I'll take a moment for you to look up Villanova's address so that you may deliver your punch-o-gram. All set? Good, let's keep going.
The Wildcats are currently playing around 57 possessions per 60 minutes of action. That's fourth-slowest in the country. (As an aside, Syracuse will also play the slowest (Princeton) and third-slowest (Notre Dame) teams nationally in the not-too-distant future. Yippee.) Villanova only plays about 30 offensive possessions a game (49th-fewest) and around 27 offensive possessions per contest (the fewest in the country). What does that tell me?
Villanova is just kind of running its stuff due to its cockamamie basketball-oriented, off-ball picking offensive strategy. Wonderful. Anyone have a gun with at least one bullet that I could borrow?
What is truly unfortunate about this whole situation is that it's working for the Wildcats. They're 7-1 (they lost to Bucknell; I know, lacrosse is weird), and are pretty dangerous offensively in a we'll-eventually-get-around-to-scoring-on-you kind of way. Here are some of the details.
Here are the four biggest pieces to Villanova's offensive game:
That's a lot of sharing, and some damn fine shooting. How has it impacted Villanova's offensive profile?
Don't be fooled by Villanova's lack of offensive possessions. Just because the Wildcats don't have the ball that much in the offensive end doesn't mean that Villanova isn't dangerous. The Wildcats are currently second in adjusted offensive efficiency at 37.20. That's about 10 goals per 100 possessions better than the national average. From an offensive efficiency standpoint, this is the best team that Syracuse has faced so far this season. (For what it's worth, Syracuse has played the second-toughest schedule nationally with respect to offenses faced. Ay-yi-yi.)
There are two things really driving Villanova's offense:
- The Wildcats can shoot it pretty well. Villanova is 11th in the land in offensive effective shooting percentage at 33.71%. The table above really drives home which players are pushing that value.
- The second piece focuses on assist rate. Villanova is currently third in offensive assist rate (20.90 per 100 possessions). When you combine impressive shooting with a willingness to get guys the bean in favorable positions, you start to see the foundation of a wickedly efficient offense. This is exactly how the Wildcats suffocate the life out of their opponents.
There's also something weird happening with Villanova in terms of the types of offensive possessions they're generating. I don't want to go too far in depth on it, but check this out:
|EMO Per Possession (Offensive)||.1762||5|
|Penalties Per Possession (Drawn)||.1004||1|
Weird, right? Wait, you don't see it? OK, real quick:
- Villanova is playing with a personnel imbalance a lot and not getting a lot of offense out of it (just below the national average in EMO-reliance with a high number of extra-man possessions). This may be attributable to defenses packing it in during the man-down and the Wildcats' screen-oriented approach may not be suitable to pick such scenarios apart.

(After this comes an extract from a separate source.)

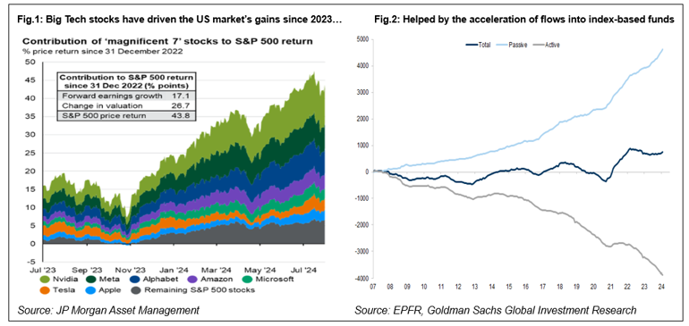 Resultatet är en marknad som har blivit alltmer koncentrerad, vilket skapar utmaningar för aktiva förvaltare och ökar koncentrationsrisken för passiva investerare.
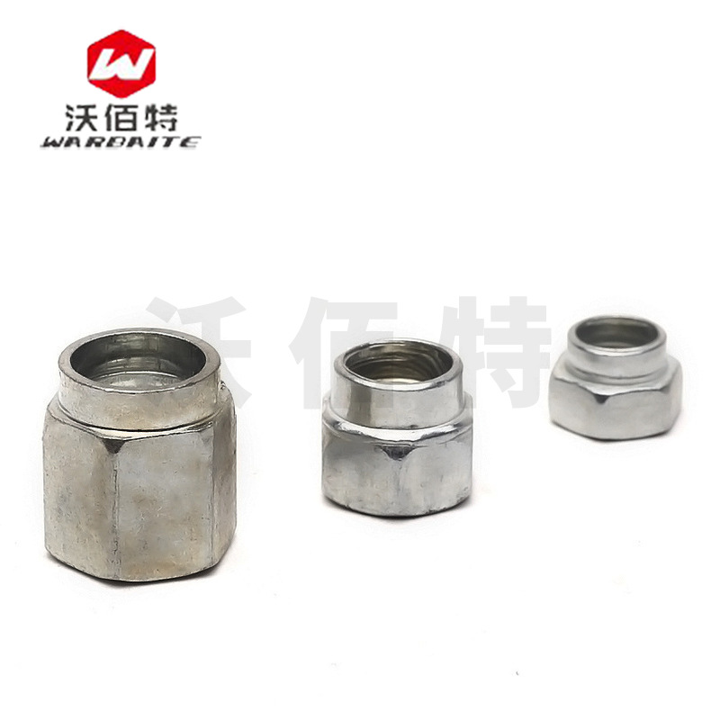图1图2图3可知,铆螺母采用经过化学处理的低碳钢园盘切成所需的毛坯料,把毛坯料放至凹模内,利用上、下凸模进行整形,得到整形的毛坯,然后把经整形的毛坯放在凹模中,利用凸模冲头冷镦出所需的帽沿坯(1)及变形裙部(2),而后再在凹模内利用凸模冲头继续冷镦出帽沿坯(1)和变形裙部(2)。然后将半成品的料放入凹模内利用凸模冲头继续挤压螺母攻丝裙部的螺纹丝孔(3),后利用将半成品坯料放入凹模内利用上冲及下套管进行落料。帽沿的下方有鱼牙齿(6);螺纹丝孔下端的外侧具有导角(5);螺纹丝孔的内壁的螺纹的断面呈等腰梯形,梯形的上底为凹弧形(9),这样使铆接物体与铆螺母紧固连接。

- Villanova is canning the bean at a pretty good rate overall, but is in the bottom-third nationally in converting with the extra attacker.
So, I'm more worried about Villanova in six-on-six scenarios than with a personnel imbalance. That made my head explode a little bit.
Everyone is talking about Brian Karalunas these days, but the fact of the matter is this: Villanova isn't a great defensive team. In fact, I think this is where they're really vulnerable. Let me explain:
|Defensive Possessions Per Game||26.64||1|
|Adjusted Defensive Efficiency||29.78||44|
|Shots Per Defensive Possession||1.06||46|
|Defensive Effective Shooting Percentage||29.74%||40|
|Defensive Assist Rate||17.76||46|
|Billy Hurley (Goalie)||Save %'age||.500|
You've probably stopped paying attention, so I'll quickly run through this:
- Why is Villanova yielding so few goals per game? Well, a huge piece of that is because they're never playing defense. Don't get fooled with the red herring of tempo-included stats.
- This is truly scary: Hurley is only stopping about half the shots he faces, but sees a lot of shots per defensive possession. Moreover, teams are shooting really well against Villanova, in no small part to the fact that a shitload of Villanova's surrendered goals are coming via the assist. I think you see it now: If a team can make Villanova play more defensive possessions than they want, the Wildcats are probably going to yield a bunch more goals because there's a lot of pressure on Hurley to stop shots he's not capable of stopping.
Alright, enough dicking around. Here's some key points for Saturday:
- Villanova is driving it's pace and possession profile (at least in part) by holding things down at the dot (the Wildcats are 12th in face-off percentage). Syracuse needs to be better there on Saturday than they were against Hopkins last week. It's the easiest way to make Villanova play a bunch of defensive possessions.
- Villanova isn't a riding machine (they're 55th in defensive clearing percentage); Syracuse is aces at going from defense to offense (6th overall). Again: This is an easy way to put pressure on the Wildcats' defense through simple volume.
- In the six-on-six, Syracuse must be mindful of ball watching on defense. The Orange's defensive assist rate is great (fifth overall), but this is really where Villanova has made its bones. The Wilcats are going to wait to develop these opportunities, so Syracuse must keep it's focus throughout a defensive possession.